A Schmidt decomposition approach to quantum thermodynamics

TL;DR

This paper introduces a novel, exact formalism based on Schmidt decomposition for analyzing the thermodynamics of arbitrary bipartite quantum systems, including strong coupling regimes, providing a unified and symmetrical framework.

Contribution

It proposes a new approach using Schmidt decomposition to characterize quantum thermodynamics in general autonomous systems, surpassing previous approximative and semi-classical methods.

Findings

Provides a simple, exact framework for quantum energetics.

Enables identification of local effective operators for internal energies.

Ensures energy additivity in the proposed formalism.

Abstract

The development of a self-consistent thermodynamic theory of quantum systems is of fundamental importance for modern physics.

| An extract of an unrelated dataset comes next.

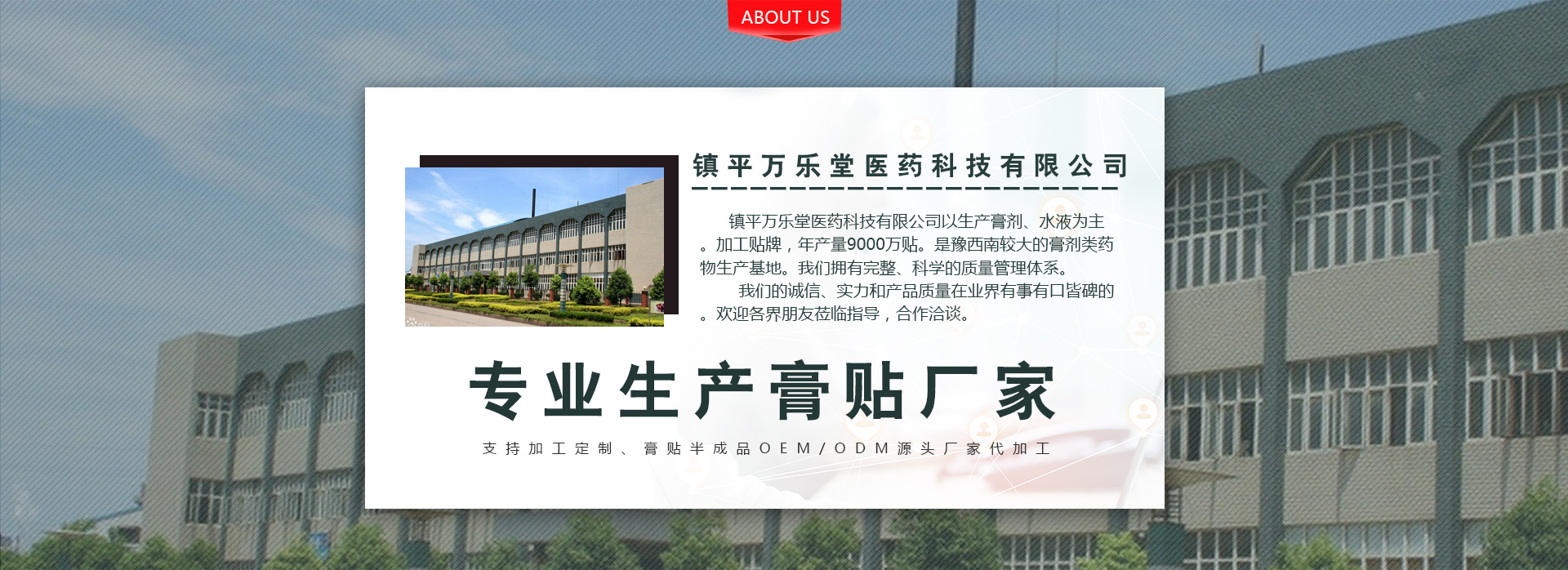 鎮平萬樂堂醫藥科技有限公司,公司坐落于鎮平工業園區,占地50畝,公司廠房建筑面積10000平方米。擁有生產車間3個,擁有膏藥、膏劑、水劑、泡腳粉分裝生產線,主要生產膏藥、水劑等各種劑型的保健產品,本公司主要以生產膏藥、水劑為主。加工貼牌,生產各種黑膏藥、巴布貼及各種膏藥。年產9000萬貼,是豫西南較大的膏藥生產基地。 本公司擁有自主研發的知名產品。 本公司主要經營:黑膏藥、膏藥加工、膏藥貼牌、來料加工、膏藥批發、腱鞘貼、滑膜貼、脈管炎貼、jianfei貼、zhitong貼等產品專業生產加工的公司,擁有完整、科學的質量管理體系。 鎮平萬樂堂醫藥科技有限公司的誠信、實力和產品質量獲得業界的認可。歡迎各界朋友蒞臨參觀、指導和業務洽談。

Still, despite its essential role in quantum science and technology, there is no unifying formalism for characterizing the thermodynamics within general autonomous quantum systems, and many fundamental open questions remain unanswered. Along these lines, most current efforts and approaches restrict the analysis to particular scenarios of approximative descriptions and semi-classical regimes. Here we propose a novel approach to describe the thermodynamics of arbitrary bipartite autonomous quantum systems based on the well-known Schmidt decomposition. This formalism provides a simple, exact and symmetrical framework for expressing the energetics between interacting systems, including scenarios beyond the standard description regimes, such as strong coupling. We show that this procedure allows a straightforward identification of local effective operators suitable for characterizing the physical local internal energies. We also demonstrate that these quantities naturally satisfy the usual thermodynamic notion of energy additivity.